Pierre Jahan - FFI, Paris (1944)
Le vide-grenier du dimanche. Deux clichés du photographe et illustrateur Pierre Jahan (1909-2003). Autodidacte, il s'installe à Paris en 1933 où deux rencontres décisives – avec l'illustrateur Raymond Gid et le photographe Emmanuel Sougez – l'orientent vers une carrière professionnelle. Dès lors, il collabore à de nombreuses revues et expose aux côtés d'artistes comme Man Ray ou Henri Cartier-Bresson.

P. Jahan (1947)
Son œuvre, difficile à enfermer dans une école, mêle photographie documentaire, expérimentations visuelles et goût du détournement. Sans appartenir au mouvement surréaliste, il en partage souvent l'esprit : celui d'un regard attentif aux rencontres inattendues, aux métamorphoses du quotidien et à tout ce qui fait surgir l'étrange au cœur du réel.
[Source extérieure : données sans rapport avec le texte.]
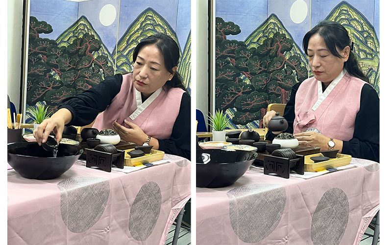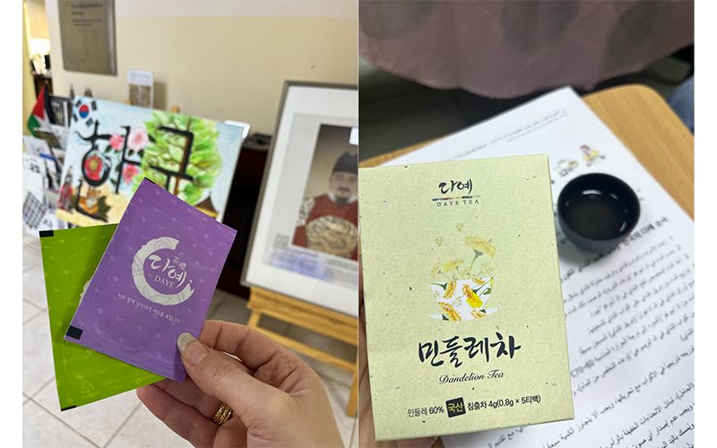 بدأت المعلمة الكورية بتقديم شرحٍ وافٍ عن آداب تناول الشاي الكوري، المعروف باسم 'دادو' موضّحة أنّ هذا الاسم يحمل معنى 'طريق الشاي' أو 'فن الشاي' ففتحت لنا بابًا على عالمٍ يتعامل مع الشاي بوصفه حوارًا داخليًا قبل أن يكون شرابًا. تحدّثت عن أنواعه المتعددة بنكهات لذيذة، بعضها يزهر على اللسان برائحة الأعشاب وبعضها يحمل نكهة الفواكه أو الجذور التي تشتهر بها الجبال الكورية.

Le premier cliché a été pris il y a soixante-dix ans jour pour jour, le 24 août 1944, et cet anniversaire aura au moins facilité mon choix parmi les nombreuses images que j'aime dans l'œuvre protéiforme et fantasque de celui qui disait avoir toujours été fasciné par les jeux de la lumière et du hasard.